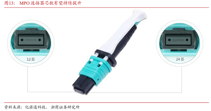 图片说明:左边为12芯MPO,右边为24芯MPO,每个圆点都是一根光纤,数据来源于浙商证券
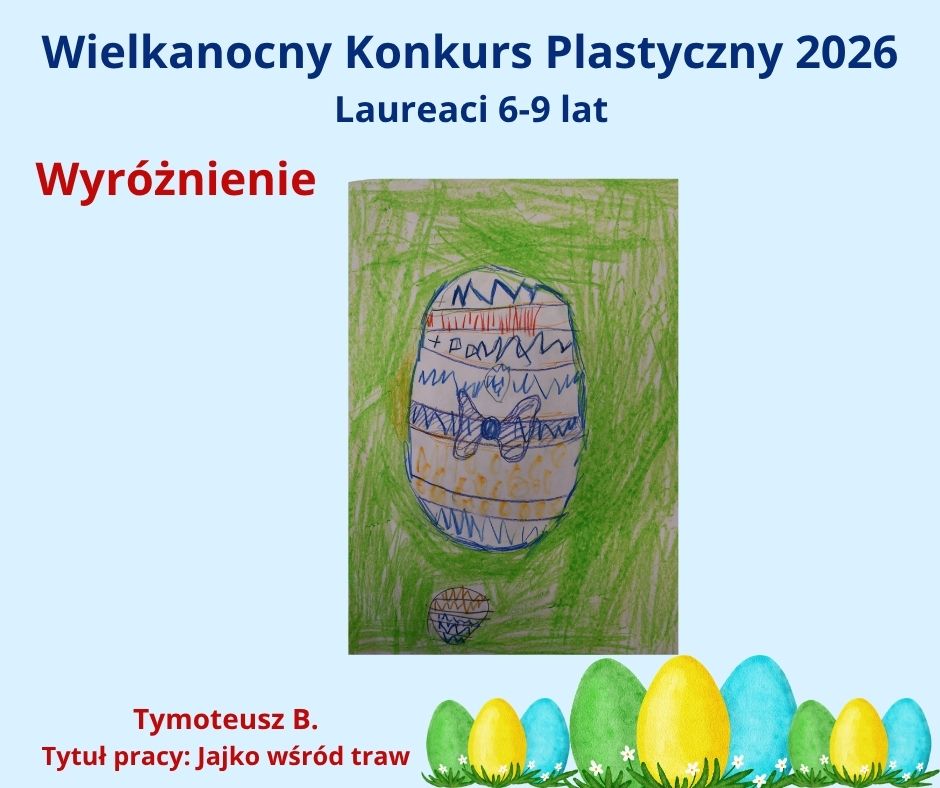 Wyróżnienie: Tymoteusz B., praca: Jajko wśród traw
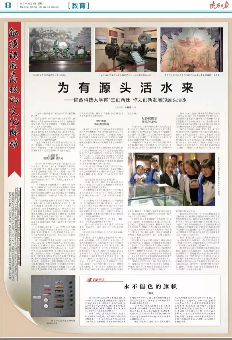 12月1日,《陕西日报》八版以《为有源头活水来——陕西科技大学将“三创两迁”作为创新发展的源头活水》为题,整版报道我校西迁历史、西迁故事和近年来取得的成绩。陕西科技大学作为“西迁群体”之一,在六十多年的发展历程中,历经“三次创业、两次搬迁、一次划转”的奋斗与辉煌,秉承以“自强不息、艰苦奋斗的创业精神,求实创新、锐意进取的科学精神和扎根西部、服务社会的奉献精神”为内涵的“三创两迁”精神,培养出一批勇于实践、善于创新的优秀学子,为国家建设和社会发展做出了重要贡献。全文转载如下:
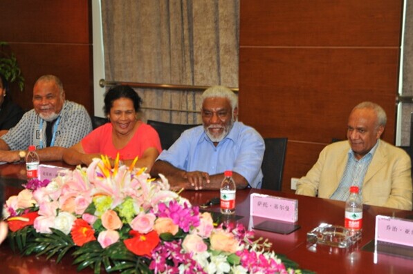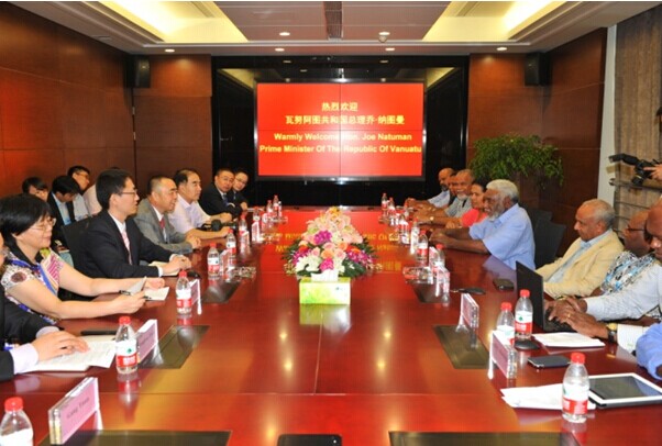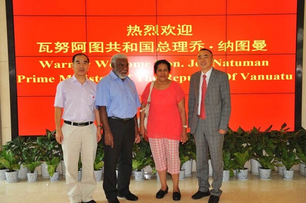 8月15日上午,正在中國(guó)南京出席第二屆青奧會(huì)開幕式的瓦努阿圖共和國(guó)總理喬·納圖曼在瓦外交部長(zhǎng)薩托·基爾曼、瓦駐中國(guó)大使莫利薩夫婦和中國(guó)駐瓦大使謝波華夫婦等陪同下,率領(lǐng)政府代表團(tuán)一行10余人來集團(tuán)公司考察訪問。陳正華董事長(zhǎng)熱情接待了代表團(tuán)一行。
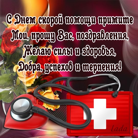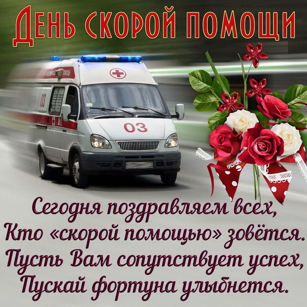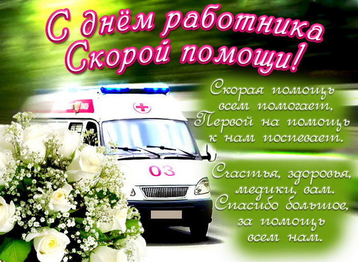 Поздравляю от чистого сердца с Днём скорой помощи. Пожелать в этот праздник хочу большой удачи в добрых делах и по-настоящему «скорой помощи» всем нуждающимся, успешной деятельности и только положительных результатов работы, огромных сил и бодрости души, искреннего уважения людей и щедрой благодарности судьбы.
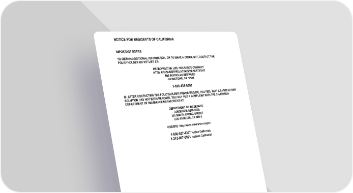 NOTICE FOR RESIDENTS OF CALIFORNIA GCERT2000 7 notice/ca IMPORTANT NOTICE TO OBTAIN ADDITIONAL INFORMATION, OR TO MAKE A COMPLAINT, CONTACT THE POLICYHOLDER OR METLIFE AT: METROPOLITAN LIFE INSURANCE COMPANY ATTN: CONSUMER RELATIONS DEPARTMENT 500 SCHOOLHOUSE ROAD JOHNSTOWN, PA 15904 1-800-438-6388 IF, AFTER CONTACTING THE POLICYHOLDER AND/OR METLIFE, YOU FEEL THAT A SATISFACTORY SOLUTION HAS NOT BEEN REACHED, YOU MAY FILE A COMPLAINT WITH THE CALIFORNIA DEPARTMENT OF INSURANCE DEPARTMENT AT: DEPARTMENT OF INSURANCE CONSUMER SERVICES 300 SOUTH SPRING STREET LOS ANGELES, CA 90013 WEBSITE: http://www.insurance.ca.gov/ 1-800-927-4357 (within California) 1-213-897-8921 (outside California)
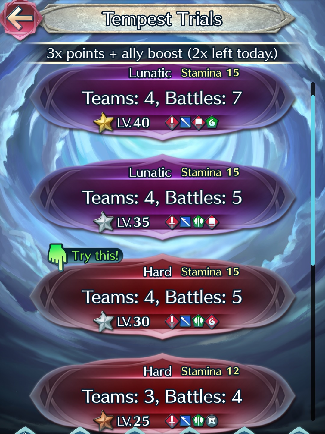 You can access Tempest Trials+ via the Battle section of the app, and tapping on the “Events” icon. You need 10 Stamina units to play (instead of 15, previously).
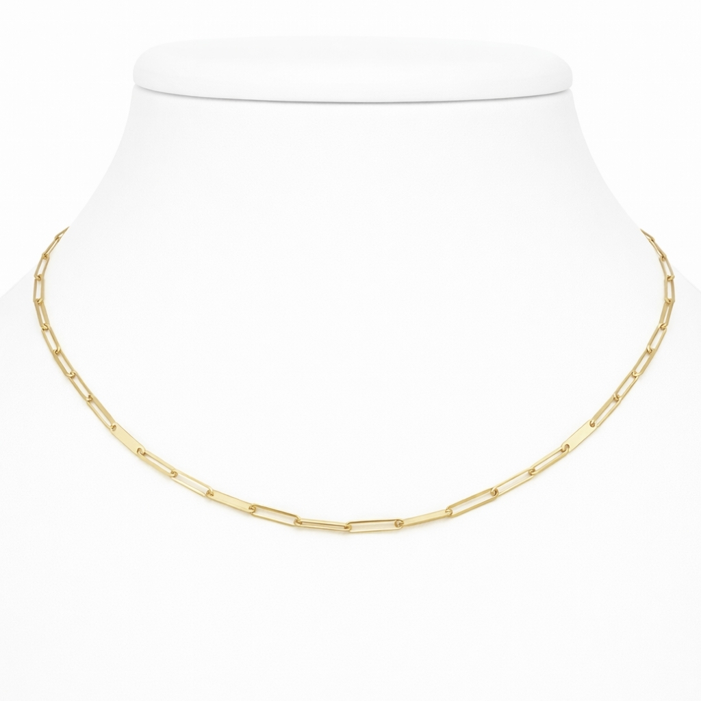 Łańcuszek został wykonany z żółtego złota próby 585 (14K). Splot typu ankier, składający się z wydłużonych, regularnych ogniw, został uzupełniony o subtelne, gładkie blaszki, które nadają całości nowoczesnego i wyjątkowego charakteru.
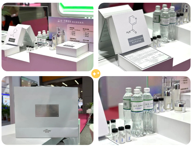 k1体育官网现场展示了自主研发与生产的硬核化妆品原料——新一代烟酰胺,将烟酸含量从市售普遍的100ppm降到20ppm以下,完成了质的飞跃,更安全、温和、有效。
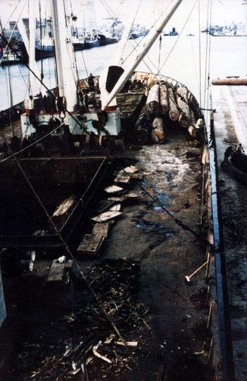 Pont d'un cargot de billes de bois à Port-Soudan
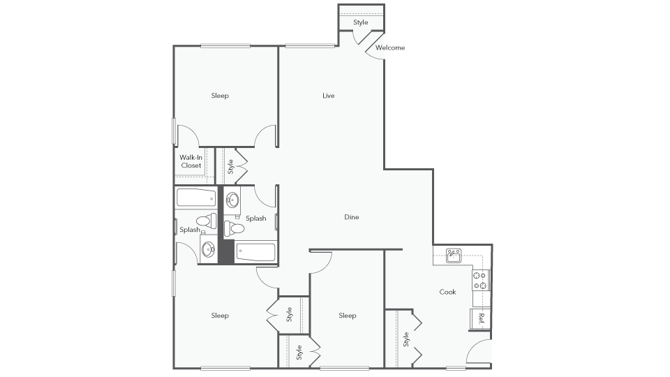 3 Dormitorios, 2 Baños, 1190 pies²Precio Mensual TotalDisponible Dec 31Galería del Modelo
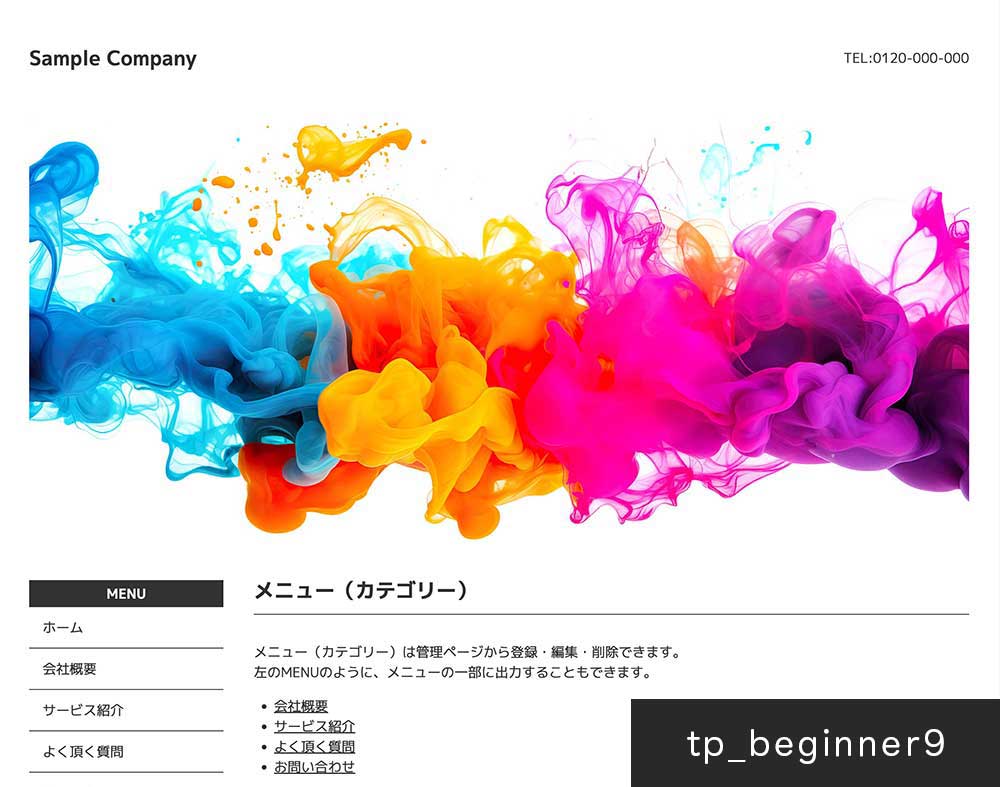 https://〜〜〜/tp_beginner9_white_cms/ - 以下のように表示されればOKです。
= = = = =
### Exercise requirements
Set down each line of the material exactly and skip every image.

### Response for this exercise
 图片说明:左边为12芯MPO,右边为24芯MPO,每个圆点都是一根光纤,数据来源于浙商证券
 Wyróżnienie: Tymoteusz B., praca: Jajko wśród traw
 12月1日,《陕西日报》八版以《为有源头活水来——陕西科技大学将“三创两迁”作为创新发展的源头活水》为题,整版报道我校西迁历史、西迁故事和近年来取得的成绩。陕西科技大学作为“西迁群体”之一,在六十多年的发展历程中,历经“三次创业、两次搬迁、一次划转”的奋斗与辉煌,秉承以“自强不息、艰苦奋斗的创业精神,求实创新、锐意进取的科学精神和扎根西部、服务社会的奉献精神”为内涵的“三创两迁”精神,培养出一批勇于实践、善于创新的优秀学子,为国家建设和社会发展做出了重要贡献。全文转载如下:
 8月15日上午,正在中國(guó)南京出席第二屆青奧會(huì)開幕式的瓦努阿圖共和國(guó)總理喬·納圖曼在瓦外交部長(zhǎng)薩托·基爾曼、瓦駐中國(guó)大使莫利薩夫婦和中國(guó)駐瓦大使謝波華夫婦等陪同下,率領(lǐng)政府代表團(tuán)一行10余人來集團(tuán)公司考察訪問。陳正華董事長(zhǎng)熱情接待了代表團(tuán)一行。
 Поздравляю от чистого сердца с Днём скорой помощи. Пожелать в этот праздник хочу большой удачи в добрых делах и по-настоящему «скорой помощи» всем нуждающимся, успешной деятельности и только положительных результатов работы, огромных сил и бодрости души, искреннего уважения людей и щедрой благодарности судьбы.
 NOTICE FOR RESIDENTS OF CALIFORNIA GCERT2000 7 notice/ca IMPORTANT NOTICE TO OBTAIN ADDITIONAL INFORMATION, OR TO MAKE A COMPLAINT, CONTACT THE POLICYHOLDER OR METLIFE AT: METROPOLITAN LIFE INSURANCE COMPANY ATTN: CONSUMER RELATIONS DEPARTMENT 500 SCHOOLHOUSE ROAD JOHNSTOWN, PA 15904 1-800-438-6388 IF, AFTER CONTACTING THE POLICYHOLDER AND/OR METLIFE, YOU FEEL THAT A SATISFACTORY SOLUTION HAS NOT BEEN REACHED, YOU MAY FILE A COMPLAINT WITH THE CALIFORNIA DEPARTMENT OF INSURANCE DEPARTMENT AT: DEPARTMENT OF INSURANCE CONSUMER SERVICES 300 SOUTH SPRING STREET LOS ANGELES, CA 90013 WEBSITE: http://www.insurance.ca.gov/ 1-800-927-4357 (within California) 1-213-897-8921 (outside California)
 You can access Tempest Trials+ via the Battle section of the app, and tapping on the “Events” icon. You need 10 Stamina units to play (instead of 15, previously).
 Łańcuszek został wykonany z żółtego złota próby 585 (14K). Splot typu ankier, składający się z wydłużonych, regularnych ogniw, został uzupełniony o subtelne, gładkie blaszki, które nadają całości nowoczesnego i wyjątkowego charakteru.
 k1体育官网现场展示了自主研发与生产的硬核化妆品原料——新一代烟酰胺,将烟酸含量从市售普遍的100ppm降到20ppm以下,完成了质的飞跃,更安全、温和、有效。
 Pont d'un cargot de billes de bois à Port-Soudan
 3 Dormitorios, 2 Baños, 1190 pies²Precio Mensual TotalDisponible Dec 31Galería del Modelo
 https://〜〜〜/tp_beginner9_white_cms/ - 以下のように表示されればOKです。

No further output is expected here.